Hakka Immortal Rice Cake
Meizhou Hakka people’s Immortal Rice Cake is made of Immortal Grass as the main raw material. Immortal Grass is also called jelly grass and likes to grow on slopes and valleys. It tastes sweet and cool, and has the effect of clearing away heat and relieving summer heat. The method of making prickly pear soup is simple. First put dry prickly pear grass into a pot and simmer it. When the heat reaches a certain level, pick up the grass stains, then filter the prickly pear soup, then pour in an appropriate amount of starch or rice flour and sweet potato flour, and heat it Stir constantly until the soup turns into a paste, then pour it into a porcelain bowl to cool, and it becomes a fairy plate. With the improvement of modern technology, some areas use fairy grass to make fairy cake powder, which greatly simplifies the production process. After cooling, the fairy board is in the shape of black gel. When eating, it can be placed in a bowl, broken into pieces with a knife, and mixed with honey (or white sugar) and fragrant dew. It is sweet, fragrant, tough, smooth and has "fairy grass". Unique fragrance. It can not only quench hunger and thirst, but also has many functions such as clearing away heat and repelling summer heat, aiding digestion, lowering blood lipids, and treating diabetes.

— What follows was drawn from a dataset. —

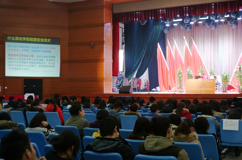 在化學實驗室中,化學品的安全使用非常重要,常常潛藏著爆炸、著火、中毒、灼傷等事故的危險性。如何防止事故發生以及掌握突發事件的自救技能,是每一個化學工作者必須具備的素質。為此,食品學院已連續三年對全體研究生新生進行《危險化學品與實驗安全》課程培訓,累計已有300余名研究生參加。學生通過課程考核后,簽署《食品學院學生安全實驗承諾書》,方準予進入實驗室。今年食品學院首次針對大四全體畢業生集中進行培訓。通過培訓和安全教育課程的開設,極大地提高了學生安全意識和自救能力,為實驗室安全無事故打下良好的基礎。
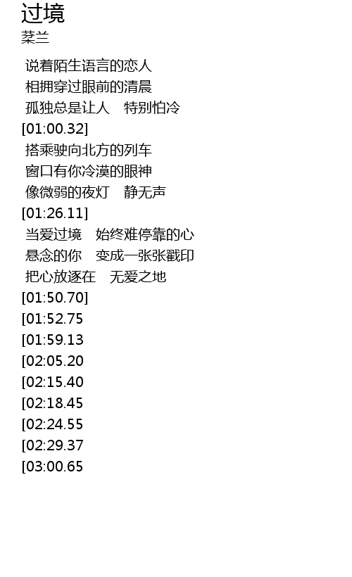 | [01:04.99] | 搭乘驶向北方的列车 |

, cure hunger" effect. According to expert research, eating immortal rice cakes regularly has the effects of quenching thirst, relieving heat, and promoting body fluid production. It has certain curative effects on hypertension, rheumatoid arthritis, heatstroke, colds, diabetes, etc.
Hakka Yongdou Fu
Meizhou, a thousand-year-old city, is known as the "Hakka Capital". People from the Central Plains "migrated southward in clothes and clothes", which not only brought with them the culture of high-quality reading, but also Hakka cuisine has formed its own food culture. Fried tofu the size of a matchbox until golden brown, stuffed with pork and fish stuffing, chopped green onion and sesame oil, put it in a clay pot with chicken soup and simmered until the aroma overflowed. I think the Hakka people who came to Meizhou had no wheat to make dumplings, so they created such a delicious dish.